There's no way to describe it, no word strong enough to explain it to its full extent. The pain was too great, too powerful, too manipulating, too... painful. I can't describe it, I couldn't describe it, and I won't ever be able to describe it. When it stopped, I was shaking. I felt freezing yet on fire at the same time, like my nerves were fried but my veins were filled with ice. I liked it better when I was getting electrocuted.

The scar guy, or as I liked to call him, the dickhead, bent down to me again. "I warned you. Now, tell me what I want to know, or I will push this button again."

I spat in his face again.

And he pushed the button.

* * *

This hell has been going on for weeks, but I lost count on the seventh. The pain of the electrocutions has numbed somewhat, probably because the voltages are frying my nerves. I can't imagine anything more painful.

Although, I don't know what the hell they're doing to Peeta.

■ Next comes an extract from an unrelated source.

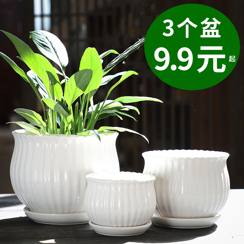 花盆陶瓷白色轻奢简约特价 清仓大号带托盘家用绿萝吊兰多肉小花盆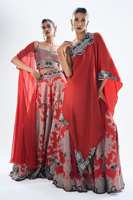 Orange Crepe, Georgette Sequins, Beads, Embroidery Cape And Hand Sharara Set

They have placed Peeta and I in cells next to each other, and every time we are brought back, he looks worse. Sometimes it takes days until I see him again, or sometimes it takes days for him to gain consciousness. But his scream is fresh in my mind, no matter what. They're beating him like crazy, and I can bet a good chunk of money that his heart has stopped more than once. I wish that it would stop for good. For his sake.

After electrocuting me for information once again, they throw me back into my cell. I'm beginning to wish that I had slit my wrists with those playing cards a few weeks back. I clutch my eyes shut and clench my teeth, trying ever so hard to fight back tears. It seems to be getting harder and harder every day. But I will not break. I will not give them that satisfaction. They cannot manipulate me. I won't allow it.

Slowly, I sit up and look into Peeta's cell. He's lying down in the fetal position, his back against the bars that separate my cell from his, shaking. I reach through the bars and place a hand on his shoulder. He jerks up, looking around like a maniac, but relaxes when he realizes it's just me.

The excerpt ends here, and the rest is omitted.